The Data Construction Pipeline showing the three main stages: Raw Data Collection, Distilling, and Rejection Sampling.

Evaluation Highlights

+1.9% accuracy on MATH-500 for AM-Distill-Qwen-32B compared to DeepSeek-R1-Distill-Qwen-32B (96.2% vs 94.3%)
+6.5% accuracy on AIME 2024 for AM-Distill-Qwen-72B compared to DeepSeek-R1-Distill-Llama-70B (76.5% vs 70.0%)
Consistent improvements across GPQA-Diamond and LiveCodeBench benchmarks over DeepSeek-R1-Distilled baselines

Breakthrough Assessment

8/10

Provides a massive, rigorously verified dataset that allows open-source models to outperform the very models they were distilled from (DeepSeek-R1-Distilled series). Highly impactful resource.

⚙️ Technical Details

Problem Definition

Setting: Supervised Fine-Tuning (SFT) of Large Language Models for general reasoning tasks

Inputs: Reasoning problems (Math, Code, Science, General)

Outputs: Chain-of-thought reasoning traces followed by the final answer

Modeling

Base Model: Qwen2.5-32B and Qwen2.5-72B

Training Method: Supervised Fine-Tuning (SFT)

Trainable Parameters: Full fine-tuning implied (standard SFT)

Training Data:

Total size: 1.4 million entries
Sources: 0.5M from open-source (NuminaMath, MetaMathQA, OpenCoder, etc.), 0.9M distilled from DeepSeek-R1
Verification (Math): 'math-verify' for format/result check + Qwen2.5-7B-Instruct for consistency check
Verification (Code): Execution in sandbox environment with test cases
Verification (General): Scored by Decision-Tree-Reward-Llama-3.1-8B; low scores filtered
Deduplication: Semantic deduplication using embedding similarity
Difficulty filtering: Downsampling of easy/medium tasks to prioritize challenging reasoning

Key Hyperparameters:

max_generation_length: 32,768 tokens (for inference/evaluation)
temperature: 0.6 (evaluation)
top_p: 0.95 (evaluation)

Compute: Not reported in the paper

Comparison to Prior Work

vs. OpenThoughts: AM dataset is significantly larger (1.4M vs smaller scale) and includes broader domains beyond math
vs. DeepSeek-R1-Distill series: AM models use strictly verified data (sandbox/math-check) resulting in higher accuracy on benchmarks
vs.

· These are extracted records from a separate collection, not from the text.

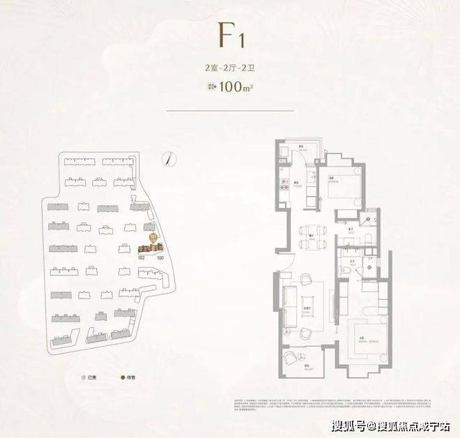 建面约100㎡2房2卫,总价约880起,单身都市菁英、年轻家庭上车首选!
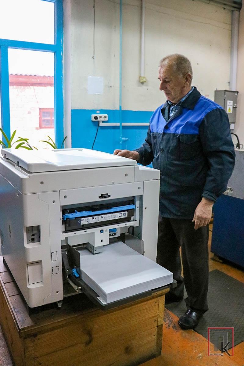 — Наша типография оказывает широкий спектр услуг. Чтобы идти в ногу со временем, повышать качество печати, по мере возможности обновляем оборудование, — рассказывал директор КПУП «Поставская типография» Евгений Кривичанин. — Относительно недавно приобрели «Ризограф». Скорость печати на нём составляет около 50 листов в минуту. Последнее наше приобретение — принтер для широкоформатной печати. Его аналог у нас был и раньше, но пришло время его заменить. С помощью новой техники изготавливаем баннеры различных размеров (единственное ограничение по ширине — не более 1,6 метра), сетки с рекламой на окна, аншлаги, стенды, в том числе объёмные, праздничные растяжки, фотографии на холсте, самоклеющуюся плёнку. Последнюю можно увидеть в основном на транспорте и стендах, но по факту она клеится на любую поверхность. Предлагаем и широкоформатную печать на бумаге, которую можно использовать для создания фотозон, и другую продукцию.
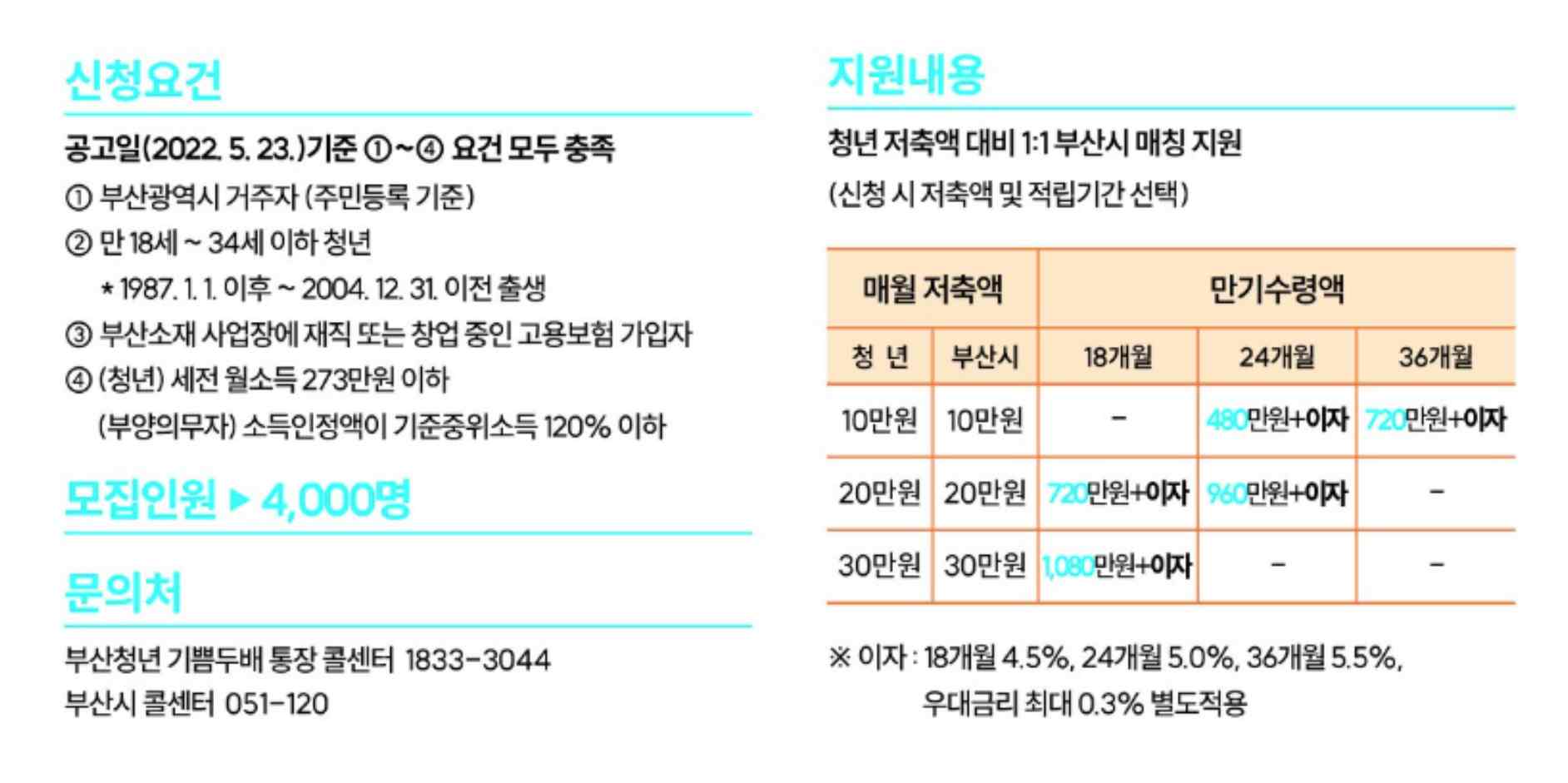 부산청년기쁨두배통장을 신청하려면 위의 지원 대상 조건을 모두 충족해야 합니다.
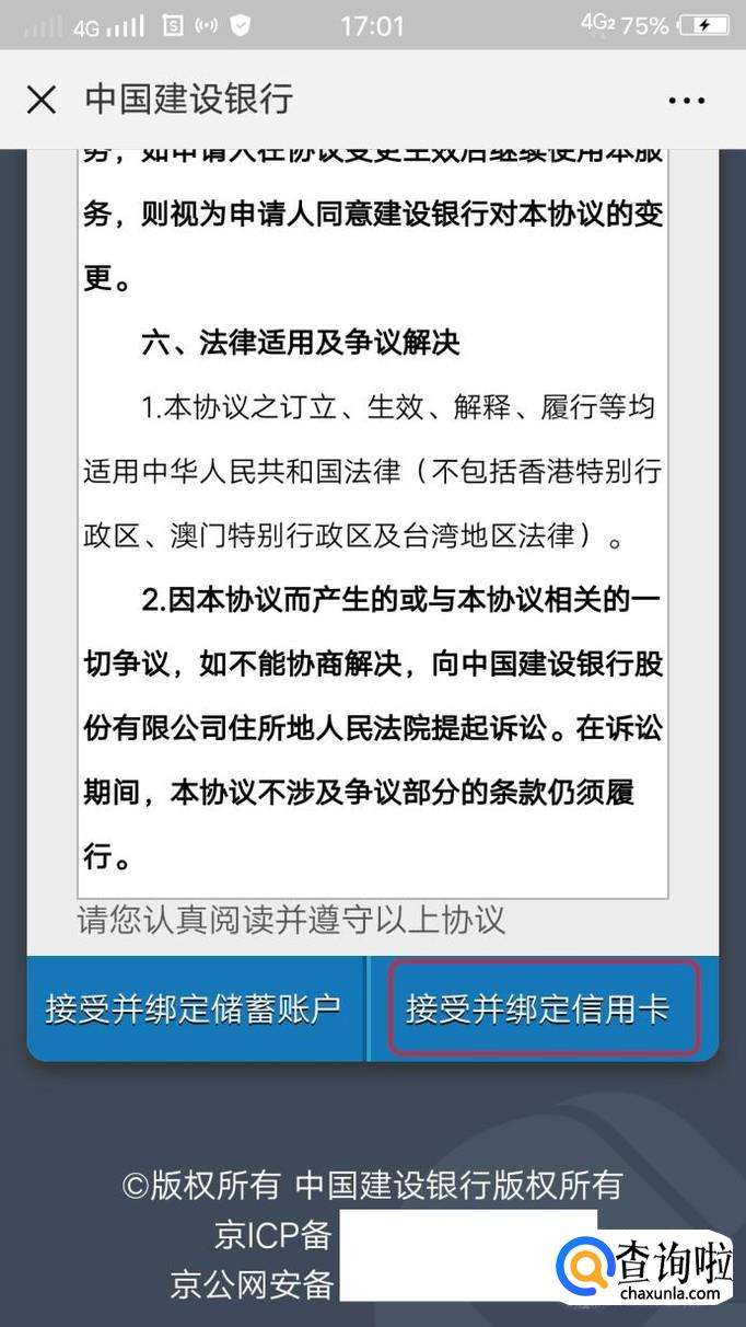 阅读协议以后,点击“接受并绑定信用卡”。
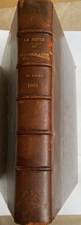 Paris Photo-Club de Paris 1903-1907 59 vol. broché 59 (sur 60) fascicules in-4, brochés, couv. illustrées, pagination continue par année, nombreuses photographies en noir dans le texte et 177 (sur 180) hors-texte. Tête de série de cette belle revue de photographie, parmi les plus luxueuses de la presse spécialisée de l'époque, qui fait suite au Bulletin du Photo-Club de Paris et paraîtra jusqu'en 1908. Manque le n° 10 (1907, 5e année). Tous les numéros sont complets des hors-texte, la plupart contrecollés sous serpente, y compris le tirage en trichromie du dernier numéro de 1906. Quelques couvertures avec des rousseurs ou de petites mouillures marginales (fortes à 5 numéros de 1905), quelques dos fendillés aux derniers fascicules. Sinon bon exemplaire de cette publication peu courante.
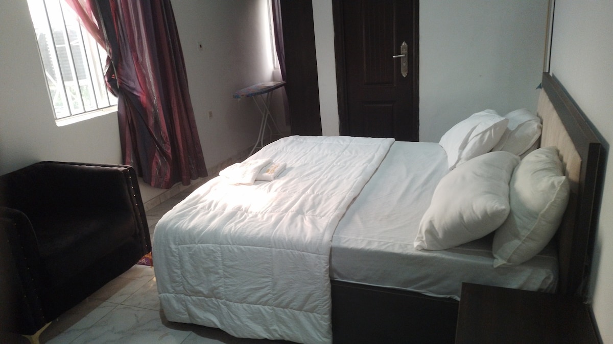 An exclusive fully furnished mini Flat (One Bedroom Flat) Serviced Apartment with all the amenities to make your stay most enjoyable, sited in a centrally located position that is secured and peaceful, exclusive in lots of ways, it's located inside the NNPC Estate which is known for guaranteed uninterrupted power supply and security within the heart of Warri town. Located at Number 5 Anambra Close, Off Refinery Drive, NNPC Complex Road, Off Airport Road, Edjeba, Warri-Ekpan, Delta State, Nigeria
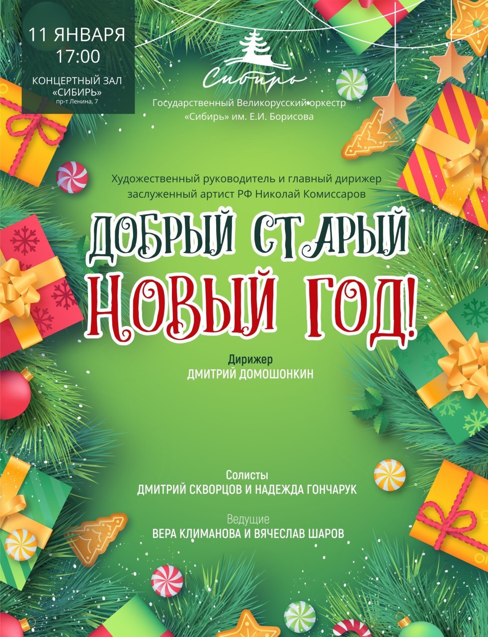 Концертная программа этого вечера позволит вам насладиться великолепной музыкой, национальным колоритом, художественным вкусом и артистизмом, ощутить их характер в звучании Государственного оркестра русских народных инструментов «Сибирь» и погрузиться в волшебную атмосферу зимнего уютного вечера. Это то, что нужно для праздничного настроения в преддверии Старого Нового года!
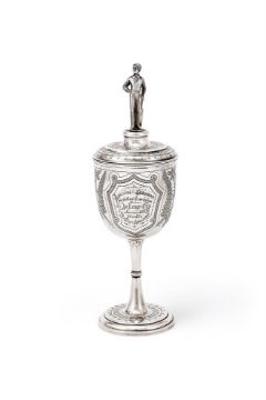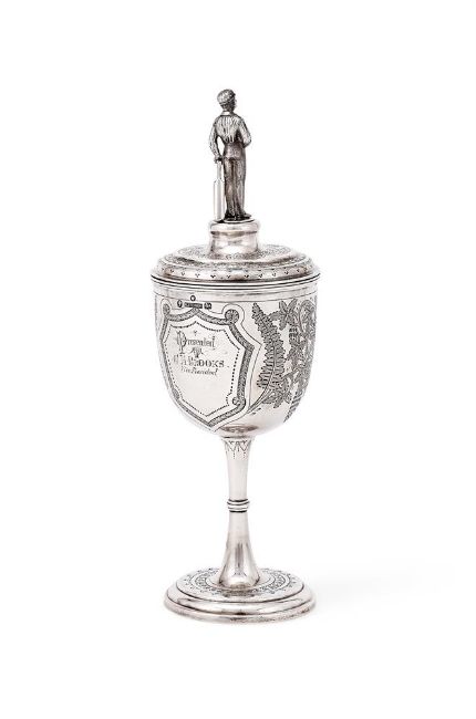 With a cricketer finial to the foliate engraved cover, the body engraved with grape vines and 'Adelaide & Suburban Cricketing Association Challenge Cup, Season 1879-80, won by The East Adelaides' and Presented T C. H. Brooks, Vice President', a knopped stem and on a circular moulded spreading foot
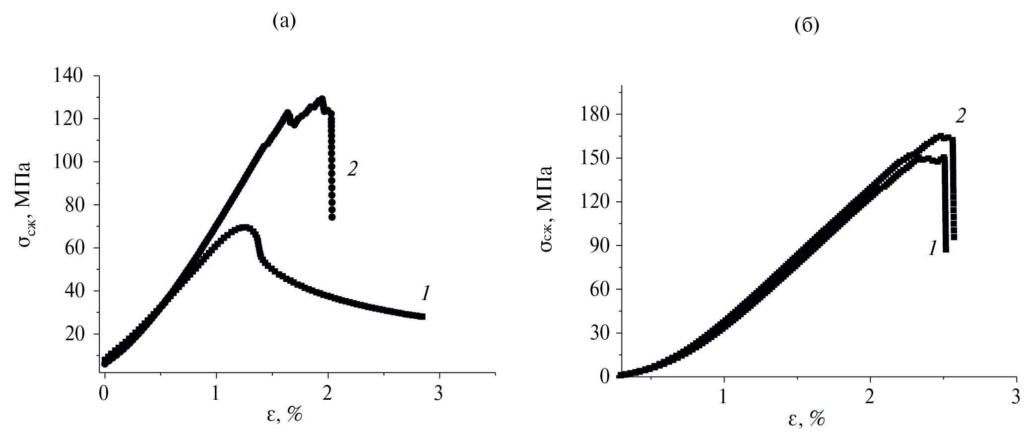 Рис. 7. Кривые σсж–e образцов Bi2Te2.5Se0.5 в исходном состоянии, полученных экструзией (2), зонной перекристаллизацией (1) (а), а также экструдированных образцов до (1) и после термообработки при температуре 573 К в течение 24 ч (2) (б).
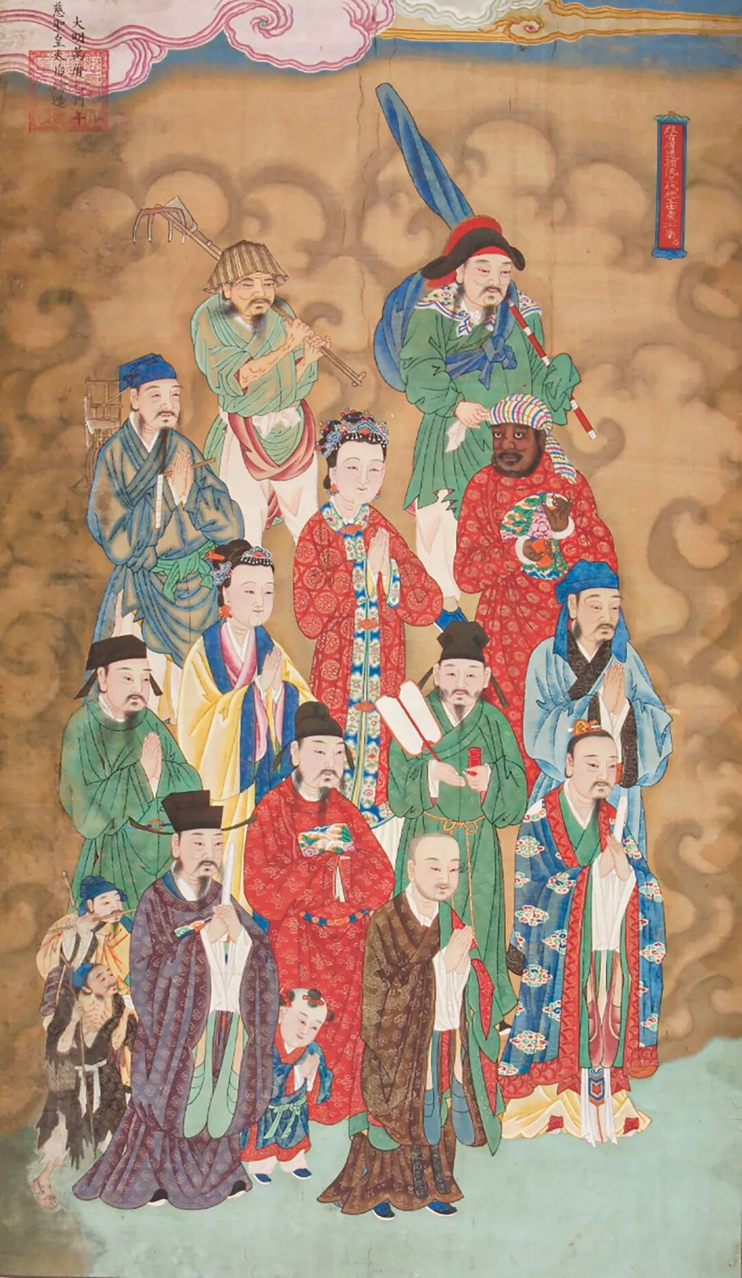 这一幅是水陆画中往古人伦(注:佛教用语,指的是水陆法会中被超度对象中的一部分孤魂)题材,画了社会各阶层人物。从前往后,地位依次降低,最前面画的僧人、道士儒生,后面有官员和命妇。再往后,这个拿规矩的,应该是木工,扛农具的这一位是农夫,扛着伞背着包袱的是走商,下面这个脸部比较黑的,应该是外域到大明王朝的外交官之类。角落里画的比较小的,可能就是九流里面吹拉弹唱的优伶。
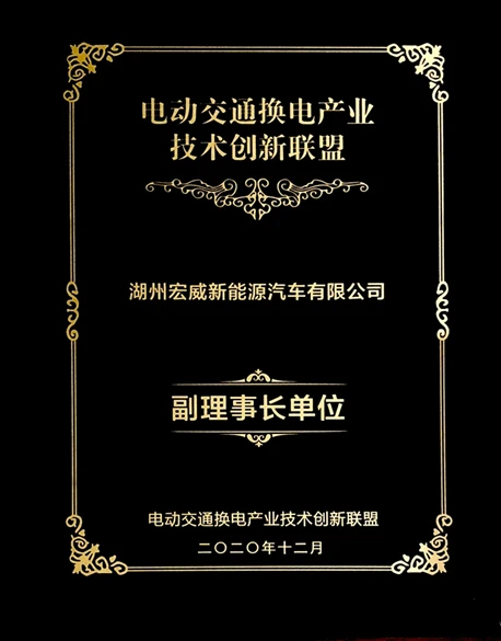湖州宏威新能源汽车有限公司凭借过硬产品、成熟的换电技术入选联盟副理事长单位。
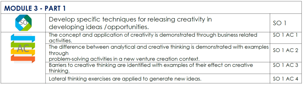 MODULE 3 – PART 1: Develop specific techniques for releasing creativity in developing ideas / opportunities.
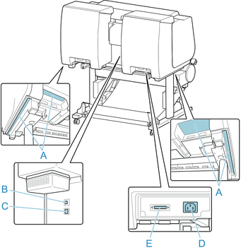 - 이 포트에 이더넷 케이블을 연결합니다. 이더넷 케이블이 올바르게 연결되어 컴퓨터와 프린터 간의 통신이 가능한 경우 램프가 켜집니다.
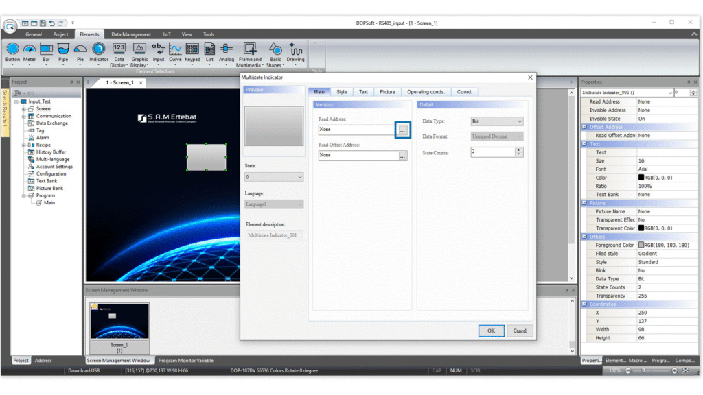 با دوبار کلیک روی المان، صفحهی تنظیمات آن باز میشود. در قسمت read Adress، میتوانیم آدرس رجیستر ورودی مورد نظر را مشخص کنیم.
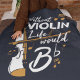 Este lindo dicho es perfecto para un violinista. El mensaje dice "Sin violín, la vida sería plana" en la tipografía moderna, B plana, notas musicales y un violín
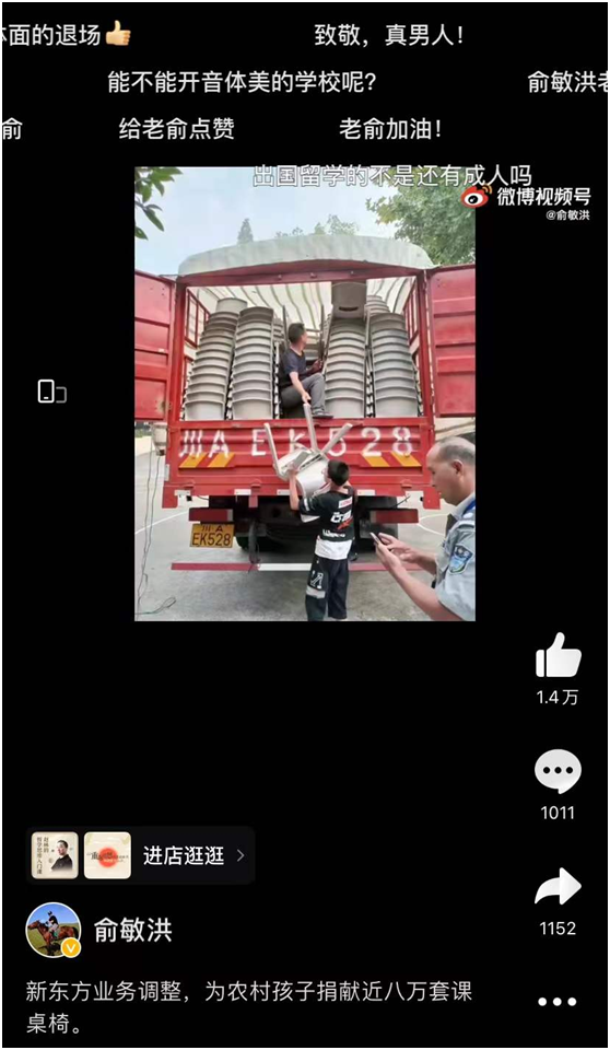 他開始做一些公益活動,比如,給山區的孩子捐了8萬套嶄新課桌,博得了不少網友的讚許:“良心企業家,真男人,真體面人。”
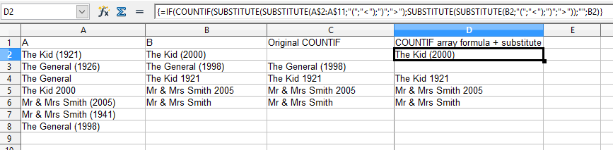 **=IF(COUNTIF(A$1:A$8000;B1);"";B1)**不幸的是,带括号的字符串似乎在Libre/Open Office中提供了虚假的匹配。我想你可以通过换人来解决这个问题
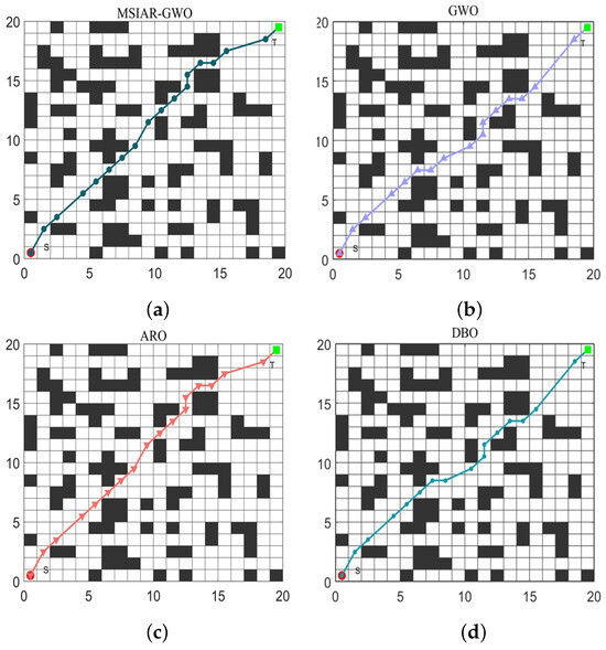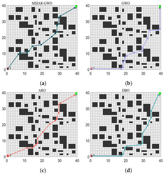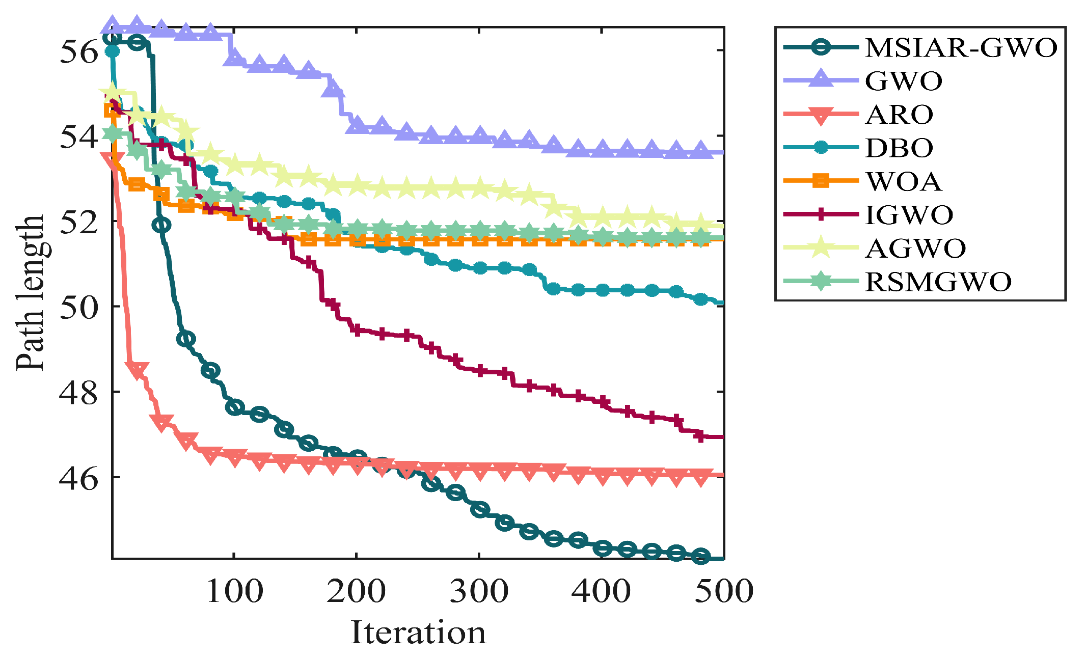 The traditional graph search path planning algorithm based on a grid map has high efficiency in dealing with simple environments, but its efficiency and global optimization ability is limited in complex environments, such as dense obstacles and multiple path choices. Compared with the traditional A* algorithm through simulation experiments, the results in Table 8 and Figure 11 show that the optimal path length of the MSIAR-GWO algorithm is reduced by 4.22% and 2.54%, respectively, compared with that of the A* algorithm under the 20 × 20 and 40 × 40 grid maps, indicating that the MSIAR-GWO algorithm is competitive in solving the shortest path problem. In particular, it shows stronger global optimization ability in a complex environment.

Standard SFT: Uses a rigorous rejection sampling pipeline based on reward models and ground-truth verification

Limitations

Potential factual inaccuracies in model-generated responses despite verification
Lack of thorough filtering for harmful instructions or responses
Nested relationships among data sources may lead to inaccuracy issues from original sources
No statistical significance tests reported for benchmark improvements

Reproducibility

Code: https://huggingface.co/datasets/a-m-team/AM-DeepSeek-R1-Distilled-1.4M

Dataset is publicly available on Hugging Face. Evaluation system prompts are provided in Table 1. Verification prompts (difficulty, category, correctness) are in Appendix B. Training hyperparameters (LR, batch size) are not explicitly reported.

📊 Experiments & Results

Evaluation Setup

Zero-shot evaluation on reasoning benchmarks with long context generation

Benchmarks:

AIME 2024 (Competition Mathematics)
MATH-500 (Mathematics)
GPQA-Diamond (Graduate-Level Science QA)
LiveCodeBench (Code Generation (2024-08 to 2025-01))

Metrics:

Pass@1 Accuracy
Statistical methodology: Not explicitly reported in the paper

Key Results

Benchmark	Metric	Baseline	This Paper	Δ
32B Model Comparisons: AM-Distill-Qwen-32B vs. DeepSeek-R1-Distill-Qwen-32B shows consistent improvements across all benchmarks.
AIME 2024	Accuracy (Pass@1)	72.6	72.7	+0.1
MATH-500	Accuracy	94.3	96.2	+1.9
GPQA-Diamond	Accuracy	62.1	64.3	+2.2
LiveCodeBench	Accuracy	57.2	59.1	+1.9
72B Model Comparisons: AM-Distill-Qwen-72B vs. DeepSeek-R1-Distill-Llama-70B shows larger gains, particularly in math competitions.
AIME 2024	Accuracy (Pass@1)	70.0	76.5	+6.5
MATH-500	Accuracy	94.5	97.0	+2.5
LiveCodeBench	Accuracy	57.5	59.7	+2.2

Main Takeaways

Strict data quality control (sandbox execution, math verification) allows models trained on fewer samples to outperform models trained on potentially noisier data
The AM-Distill-Qwen-72B model demonstrates superior scaling behavior, achieving a massive +6.5% gain on AIME 2024 over the 70B baseline
Combining open-source curated data with fresh distillations from DeepSeek-R1 provides a robust recipe for training reasoning models
Performance improvements are consistent across diverse domains (Math, Code, Science), validating the dataset's broad applicability

📚 Prerequisite Knowledge

Prerequisites

Knowledge Distillation
Supervised Fine-Tuning (SFT)
Chain-of-Thought (CoT) prompting
Reinforcement Learning from Human Feedback (RLHF) concepts (Reward Models)

Key Terms

SFT: Supervised Fine-Tuning—training a pre-trained model on a specific dataset to adapt it to a task

Distillation: The process of training a smaller 'student' model to mimic the outputs of a larger 'teacher' model (here, DeepSeek-R1)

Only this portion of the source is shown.